**WORK REQUEST:** In the data that follows, find the line with "пыли и налета."; transcribe it, every later line up to the one with "Rao's Marinara Sauce", and that line as well, exactly and with no others.
**** THE INPUT ****
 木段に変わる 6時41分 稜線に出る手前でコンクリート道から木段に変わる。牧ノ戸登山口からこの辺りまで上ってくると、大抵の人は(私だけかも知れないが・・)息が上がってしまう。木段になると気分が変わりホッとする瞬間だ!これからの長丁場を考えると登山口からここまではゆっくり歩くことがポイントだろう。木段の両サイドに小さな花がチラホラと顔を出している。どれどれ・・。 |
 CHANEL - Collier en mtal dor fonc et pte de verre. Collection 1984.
****
**** THE INPUT ****
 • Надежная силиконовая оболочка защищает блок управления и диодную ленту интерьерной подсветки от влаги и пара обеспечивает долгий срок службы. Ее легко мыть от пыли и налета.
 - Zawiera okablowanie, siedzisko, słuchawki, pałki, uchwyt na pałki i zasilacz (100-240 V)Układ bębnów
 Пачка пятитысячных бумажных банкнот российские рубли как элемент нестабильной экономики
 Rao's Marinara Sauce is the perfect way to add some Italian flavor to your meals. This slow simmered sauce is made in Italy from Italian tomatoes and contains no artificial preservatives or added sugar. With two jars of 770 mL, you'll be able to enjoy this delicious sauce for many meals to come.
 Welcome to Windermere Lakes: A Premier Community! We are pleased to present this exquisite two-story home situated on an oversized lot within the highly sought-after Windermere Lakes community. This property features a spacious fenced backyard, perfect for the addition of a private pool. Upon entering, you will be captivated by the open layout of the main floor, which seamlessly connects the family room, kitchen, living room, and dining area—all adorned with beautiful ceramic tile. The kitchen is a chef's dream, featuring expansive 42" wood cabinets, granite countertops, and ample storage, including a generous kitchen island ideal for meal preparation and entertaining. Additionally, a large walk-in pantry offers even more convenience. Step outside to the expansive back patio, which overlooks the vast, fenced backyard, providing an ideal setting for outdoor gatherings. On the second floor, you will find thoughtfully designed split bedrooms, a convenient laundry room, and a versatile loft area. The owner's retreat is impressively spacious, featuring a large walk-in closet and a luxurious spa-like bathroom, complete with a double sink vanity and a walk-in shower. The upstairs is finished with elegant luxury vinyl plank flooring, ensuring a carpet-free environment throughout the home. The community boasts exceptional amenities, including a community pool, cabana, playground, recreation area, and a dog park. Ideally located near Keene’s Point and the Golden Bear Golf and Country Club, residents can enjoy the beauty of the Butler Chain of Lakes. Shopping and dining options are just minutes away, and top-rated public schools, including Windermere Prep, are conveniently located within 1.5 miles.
****
**OUTPUT OF THE TASK:**
 • Надежная силиконовая оболочка защищает блок управления и диодную ленту интерьерной подсветки от влаги и пара обеспечивает долгий срок службы. Ее легко мыть от пыли и налета.
 - Zawiera okablowanie, siedzisko, słuchawki, pałki, uchwyt na pałki i zasilacz (100-240 V)Układ bębnów
 Пачка пятитысячных бумажных банкнот российские рубли как элемент нестабильной экономики
 Rao's Marinara Sauce is the perfect way to add some Italian flavor to your meals. This slow simmered sauce is made in Italy from Italian tomatoes and contains no artificial preservatives or added sugar. With two jars of 770 mL, you'll be able to enjoy this delicious sauce for many meals to come.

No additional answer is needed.